Figure 1(a) shows the performance of the NAS Parallel Benchmark IS on Blue Gene, running both 
under Linux and CNK. We observe a large performance gap (~2x) between Linux and CNK. The 
lower Linux performance can be explained by the large number of TLB misses that happens with 
Linux, as shown in Figure 1(b). That figure shows number of TLB misses per node, for different 
numbers of compute nodes, when operating with a standard Linux page size of 4 KiB. In comparison, 
CNK configures the TLB of the compute nodes so that there are no TLB misses during execution. 
  
3 
 
 
 
(a) (b) 
Figure 1: Performance of NAS Parallel Benchmark under Linux and CNK (a). The 
lower performance under Linux can be explained by the large number of TLB 
misses (b) under Linux. (There are no TLB misses under CNK.) 
 
2.2 Linux Modifications For HPC Scaling 
Since the excessive number of TLB misses is a major source of performance degradation under Linux, 
we started investigating how to avoid or reduce those misses. The first solution we investigated is the 
use of the “Huge TLB file system” feature of Linux. This is an in-memory file system that uses 16 
MiB pinned pages to map virtual to physical memory. Files in the “Huge TLB file system” can be 
memory mapped into the address space of a process. When a process accesses memory in that region, 
the translation goes through the pinned 16 MiB entries in the TLB, and therefore there are no TLB 
misses for that region of memory. 
 
In order to evaluate the impact of reducing the number of TLB misses we modified the IS benchmark 
so that most of the accesses were done against memory mapped through 16 MiB pages. The 
performance results are shown in Figure 2(a). We observe that performance under Linux (magenta 
line) is able to match performance under CNK. (We note that both data and heap segments had to be 
placed in a large page region to get the most benefit.) Figure 2(b) is a direct measurement of TLB 
misses and it shows the great reduction in the number of misses. 
 
  
(a) (b) 
Figure 2: Performance of NAS Parallel Benchmark under Linux with “Huge TLB 
file system”. The application was slightly modified to place both data and heap 
segments in a memory mapped file with 16 MiB TLB entries.

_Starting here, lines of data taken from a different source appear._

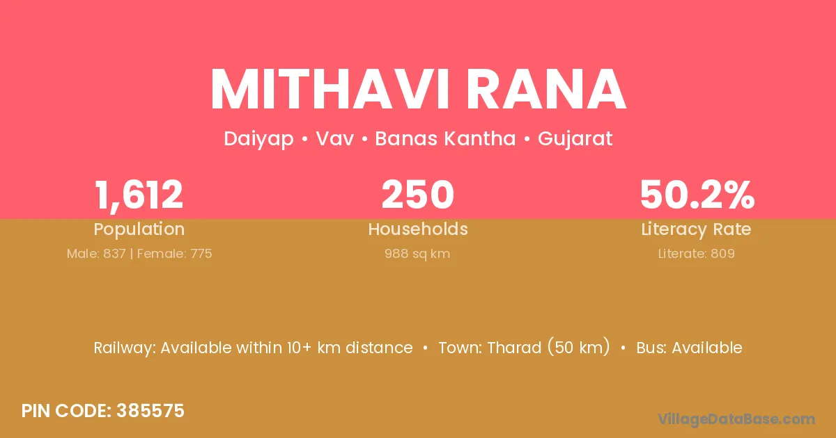 Tharad (50 km) is the nearest town to Mithavi Rana village for major economic activities and is located approximately 50 km away.
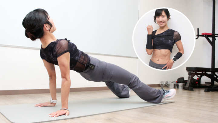 今回は、仰向けで行う「ハイリバースプランク」を解説。腹筋ともも裏にに特に効くメニューです。腕はしっかり伸ばして、腰が落ち…
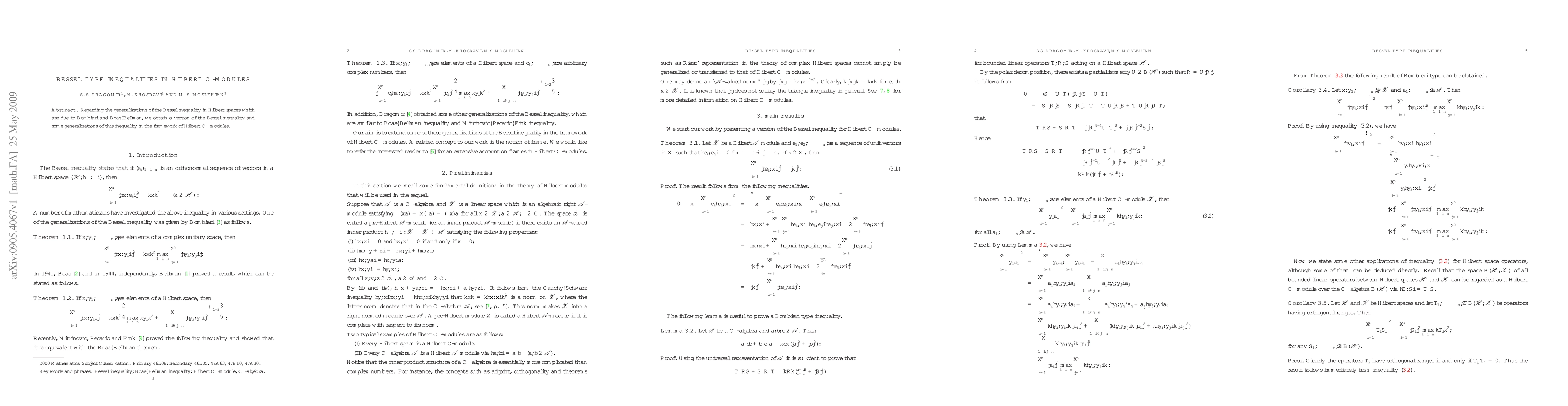 Summary: This paper generalizes the Bessel inequality from Hilbert spaces to Hilbert $C^*$-modules, providing a version of the inequality and exploring its extensions within this advanced mathematical framework.
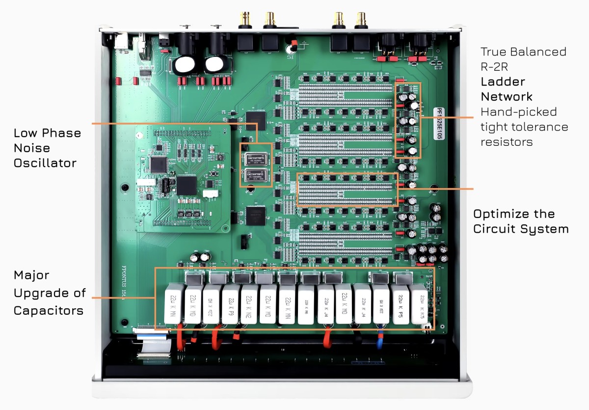 Acest DAC se mândrește cu un design autentic de rețea echilibrată R-2R ladder, fiecare canal fiind echipat cu un CPLD independent de mare viteză. Acesta decodează semnalele digitale prin patru seturi de rețele R-2R 0,005%, asigurând distorsiuni și zgomot de fundal extrem de scăzute în semnalele audio. Fiecare notă rezonează viu și complet, pătrunzând în urechile ascultătorului.
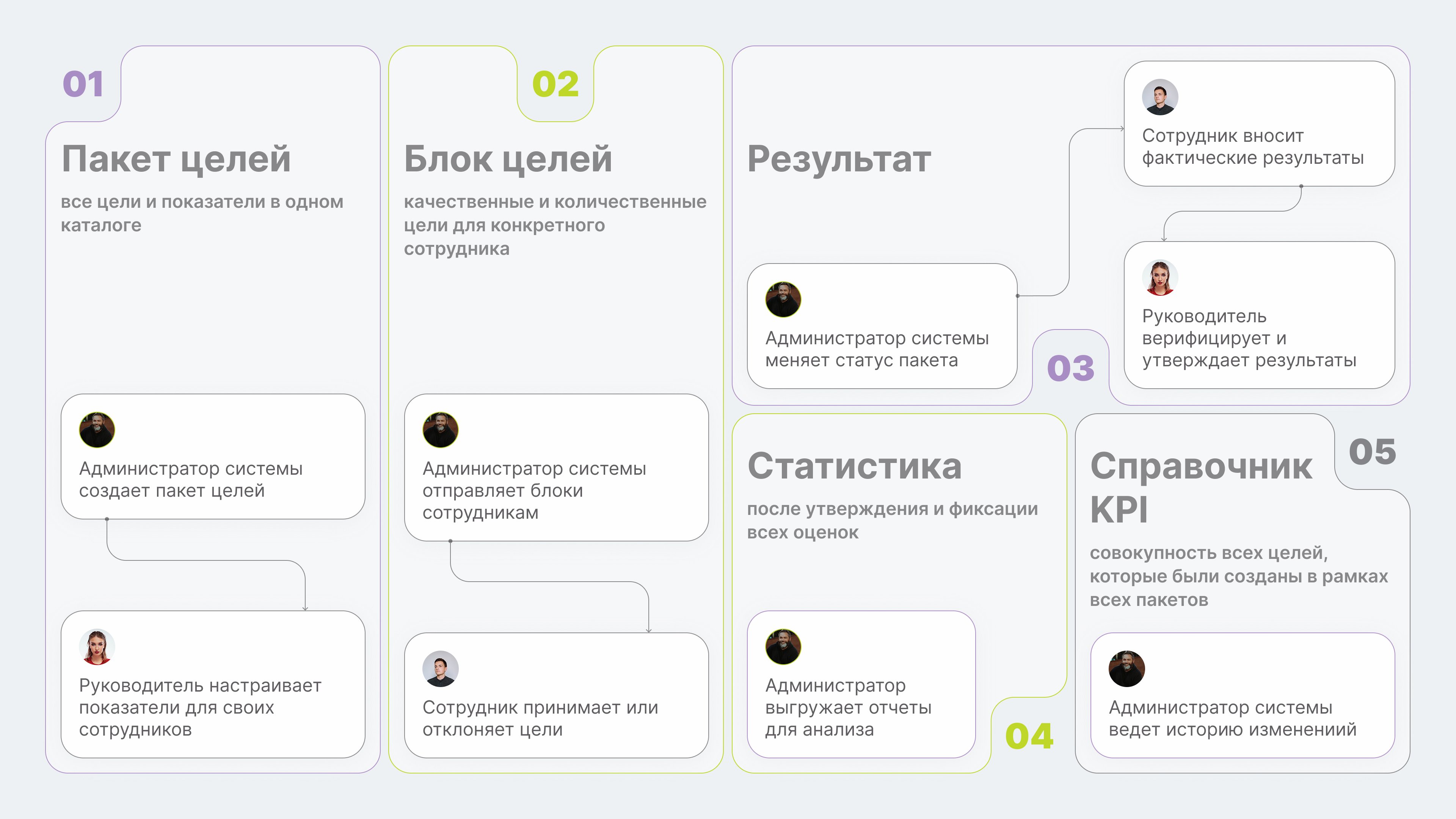 Для того, чтобы автоматизировать процессы работы с KPI в СберМегаМаркете мы разработали модуль “Целеполагание”. С помощью модуля руководители выставляют цели каждому сотруднику компании. По итогам периода сотрудник с помощью модуля фиксирует фактические результаты по своим целям. Результаты верифицируются и фиксируются в системе. На основе результатов и справочников KPI система рассчитывает уровень выполнения KPI для каждого сотрудника. Далее разберём работу модуля пошагово.

We observe a 
drastic reduction in the number of TLB misses (b) and an improvement in 
performance under Linux (a), matching the performance under CNK. 
 
Another well-known source of performance degradation when running parallel applications on a 
Linux-based system is system noise, usually introduced by system services (e.g., daemons) running on 
the same nodes as the computation. To quantify the impact of this noise on the performance of Blue 
Gene, we ran a simple synthetic benchmark. This benchmark consists of 10,000 iterations. Each of 
  
4 
those iterations consists of 1ms of work followed by a barrier across all processes in the parallel 
execution. We ran the benchmark in four different configurations: (i) under CNK, (ii) under Linux 
with nothing else in the node, (iii) under Linux with a daemon that wakes every second for 1 ms, with 
the wakeup coordinate across nodes and (iv) under Linux with the same daemon, but the “phase” of 
each daemon is randomly spread over a second. Results are shown in 
 
 
Figure 3: Performance of synthetic benchmark under CNK (lightweight kernel) and 
Linux with or without noise. “Linux with noise” means there is an additional daemon 
process in each node that wakes up for 1ms every second. The daemons in 
different nodes can either wake up all the same time (coordinated noise) or each 
daemon can have its own “phase” randomly distributed over a second 
(uncoordinated noise). (The red, green and blue lines are all on top of each other.)  
 
We observe that significant performance degradation happens only when the daemons are 
uncoordinated. In other words, we do not have to eliminate all the daemons in a compute node Linux, 
but it is important to ensure that the daemons across the nodes get to execute all at the same time. This 
lets the application proceed uninterrupted for a long period of time. 
 
We note that the experiments reported above (large pages, system noise) have been very important in 
quantifying the performance impact of an all-Linux solution for Blue Gene. There are still unresolved 
issues that need to be addressed in the solutions to the performance impact. For example, how can we 
deploy a 16 MiB TLB entry solution in a manner that is transparent to the application programmer? 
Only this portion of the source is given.